About Dataset

Kaggle

Context

These files contain metadata for all 45,000 movies listed in the Full MovieLens Dataset. The dataset consists of movies released on or before July 2017. Data points include cast, crew, plot keywords, budget, revenue, posters, release dates, languages, production companies, countries, TMDB vote counts and vote averages.

This dataset also has files containing 26 million ratings from 270,000 users for all 45,000 movies. Ratings are on a scale of 1-5 and have been obtained from the official GroupLens website.

Content

This dataset consists of the following files:

  • movies_metadata.csv: The main Movies Metadata file. Contains information on 45,000 movies featured in the Full MovieLens dataset. Features include posters, backdrops, budget, revenue, release dates, languages, production countries and companies.
  • keywords.csv: Contains the movie plot keywords for our MovieLens movies. Available in the form of a stringified JSON Object.
  • credits.csv: Consists of Cast and Crew Information for all our movies. Available in the form of a stringified JSON Object.
  • links.csv: The file that contains the TMDB and IMDB IDs of all the movies featured in the Full MovieLens dataset.
  • links_small.csv: Contains the TMDB and IMDB IDs of a small subset of 9,000 movies of the Full Dataset.
  • ratings_small.csv: The subset of 100,000 ratings from 700 users on 9,000 movies.

The Full MovieLens Dataset consisting of 26 million ratings and 750,000 tag applications from 270,000 users on all the 45,000 movies in this dataset can be accessed here

Acknowledgements

This dataset is an ensemble of data collected from TMDB and GroupLens. The Movie Details, Credits and Keywords have been collected from the TMDB Open API. This product uses the TMDb API but is not endorsed or certified by TMDb. Their API also provides access to data on many additional movies, actors and actresses, crew members, and TV shows. You can try it for yourself here.

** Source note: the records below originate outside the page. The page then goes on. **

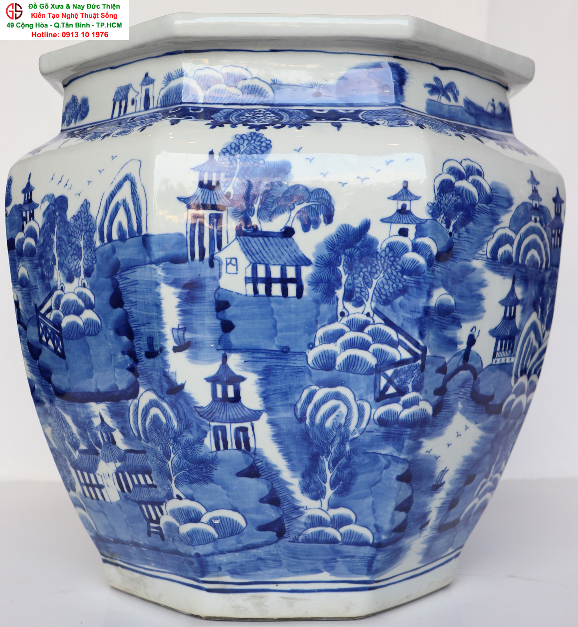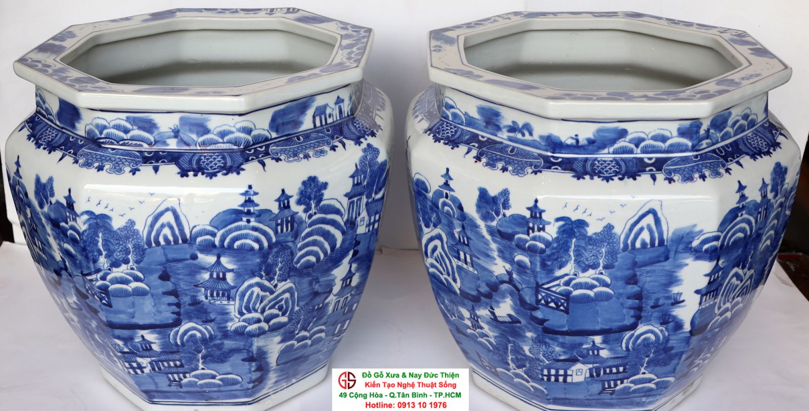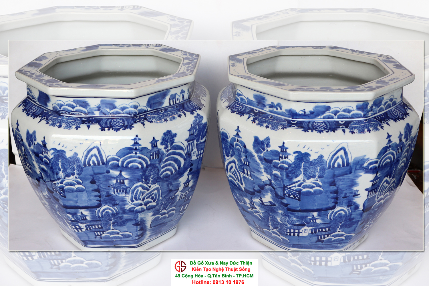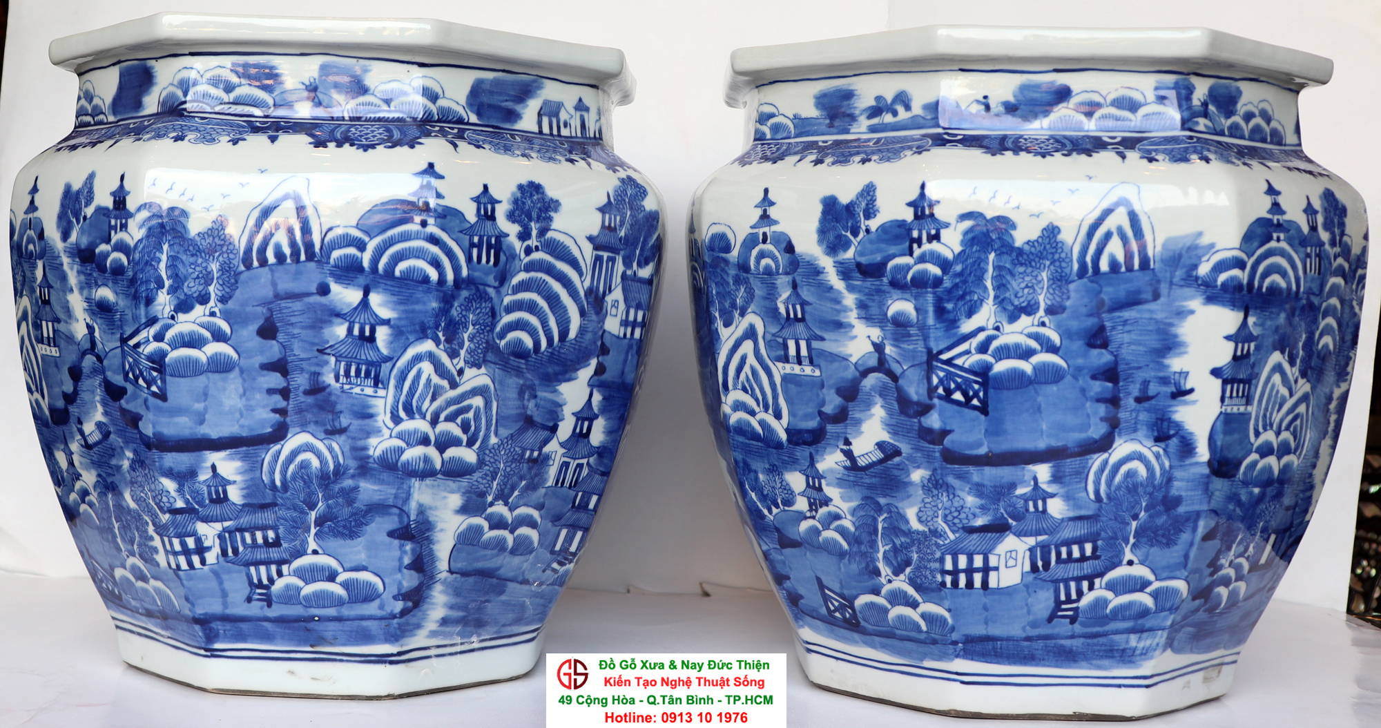 Đồ Gỗ Đức Thiện xin giới thiệu với quý hữu có chung niềm đam mê một cặp chậu sự đẹp được vẽ theo kiểu cổ ( hàng mới phỏng cổ cao cấp ) tích : sơn thủy hữu tình.
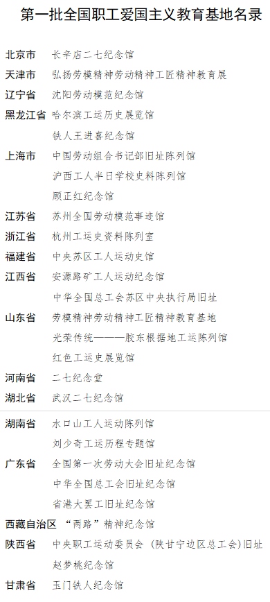 第一批全國職工愛國主義教育基地包括北京市長辛店二七紀(jì)念館、黑龍江省鐵人王進(jìn)喜紀(jì)念館、上海市中國勞動(dòng)組合書記部舊址陳列館、廣東省全國第一次勞動(dòng)大會(huì)舊址紀(jì)念館、陜西省中央職工運(yùn)動(dòng)委員會(huì)(陜甘寧邊區(qū)總工會(huì))舊址等27家單位。旨在進(jìn)一步加強(qiáng)紅色工運(yùn)資源的保護(hù)挖掘和宣傳利用,引領(lǐng)各級(jí)工會(huì)努力把紅色工運(yùn)資源建設(shè)成為開展黨史學(xué)習(xí)教育的重要陣地,打造成愛國主義教育、革命傳統(tǒng)教育、加強(qiáng)職工思想政治引領(lǐng)的生動(dòng)課堂,團(tuán)結(jié)引導(dǎo)廣大職工群眾更好傳承紅色基因、賡續(xù)紅色血脈、汲取奮進(jìn)力量。第一批全國職工愛國主義教育基地在中國工運(yùn)史上影響重大,代表性強(qiáng)、知名度高,現(xiàn)有的設(shè)施建設(shè)和保護(hù)利用較好,符合時(shí)代要求,具有較強(qiáng)的示范引領(lǐng)作用。
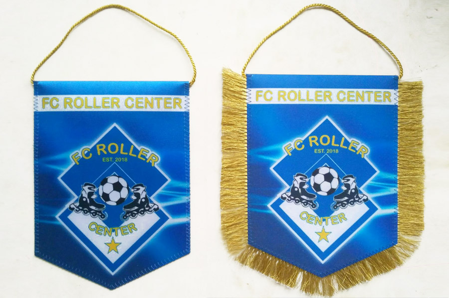 Окончательный этап - это пошив вымпелов и обработка краев. Вымпела могут быть сшивные (после термообработки краев), обшитыми шнуром или бахромой. Возможно комбинирование методов обработки, например, сшивной вымпел с бахромой по низу. Вымпел может быть дополнительно украшен кистями...
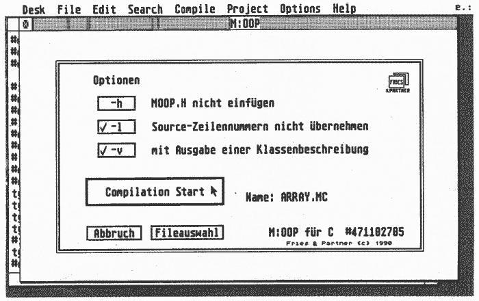 M:OOP ist keine Demonstration von Bedienungskomfort. Eine Kommandozeilenversion des Compilers gestattet den Aufruf aus Command-Line-Interpretern (CLIs) heraus, Batch-Dateien automatisieren hierbei den Programmablauf. Darüber hinaus liefern Fries & Partner ein Compiler Accessory, das sich jedoch prinzipbedingt als Speicherfresser entpuppt. Sowohl Accessory als auch Kommandozeilenversion benötigen einige Dateien zum reibungslosen Ablauf der Kompilation. Die dazu notwendigen Pfade muß der Anwender beim Kommandozeilenprogramm als eigene Environment-Variable eintragen, das Accessory hingegen kümmert sich keinen Deut darum, so daß unter Umständen längeres Suchen fällig ist. Allzuviel bleibt an M:OOP aber ohnehin nicht zu bedienen, ganze drei Schalter zieren das Hauptmenü. Da M:OOP weder über einen eigenen Editor noch über einen Linker oder ähnliches verfügt, erübrigen sich weitere Einstellungen (Abb. 1).
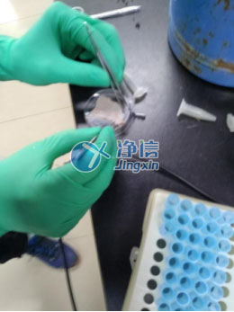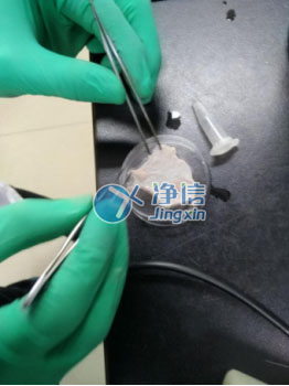 皮膚去脂肪層鋪展開效果 取材,準(zhǔn)備放入適配器液氮冷凍
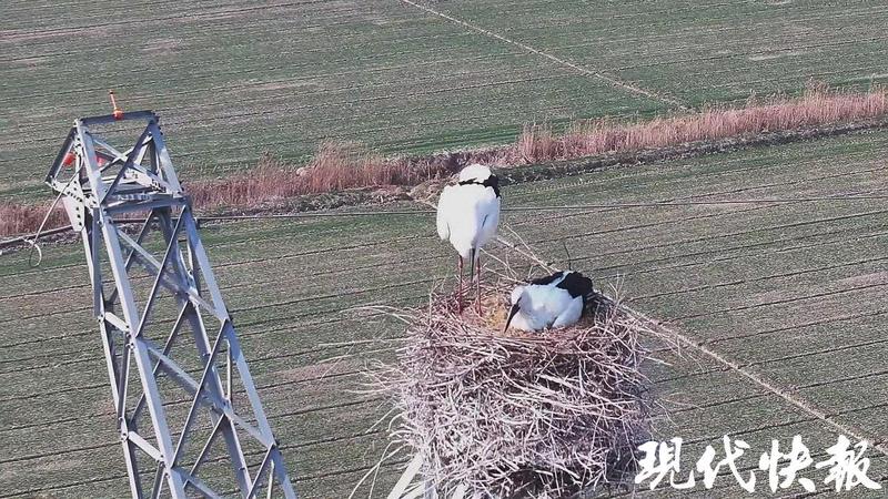 拍攝者宋婧告訴現代快報記者,2月13日中午,她利用中午休息時間,用無人機拍攝麥子的生長狀況時,發現五分場境內的一座高壓線鐵塔上,有大鳥正忙著搭建鳥巢,便立即取出隨身攜帶的無人機,在不驚擾鳥兒的情況下進行拍攝。

The Movie Links and Ratings have been obtained from the Official GroupLens website. The files are a part of the dataset available here

Inspiration

This dataset was assembled as part of my second Capstone Project for Springboard's Data Science Career Track. I wanted to perform an extensive EDA on Movie Data to narrate the history and the story of Cinema and use this metadata in combination with MovieLens ratings to build various types of Recommender Systems.

Both my notebooks are available as kernels with this dataset: The Story of Film and Movie Recommender Systems

Some of the things you can do with this dataset: Predicting movie revenue and/or movie success based on a certain metric. What movies tend to get higher vote counts and vote averages on TMDB? Building Content Based and Collaborative Filtering Based Recommendation Engines.

Evaluation

The job is to predict the international box office revenue for each movie. For each id in the test set, you must predict the value of the revenue variable. 

Submissions are evaluated on Root-Mean-Squared-Logarithmic-Error (RMSLE) between the predicted value and the actual revenue. Logs are taken to not overweight blockbuster revenue movies.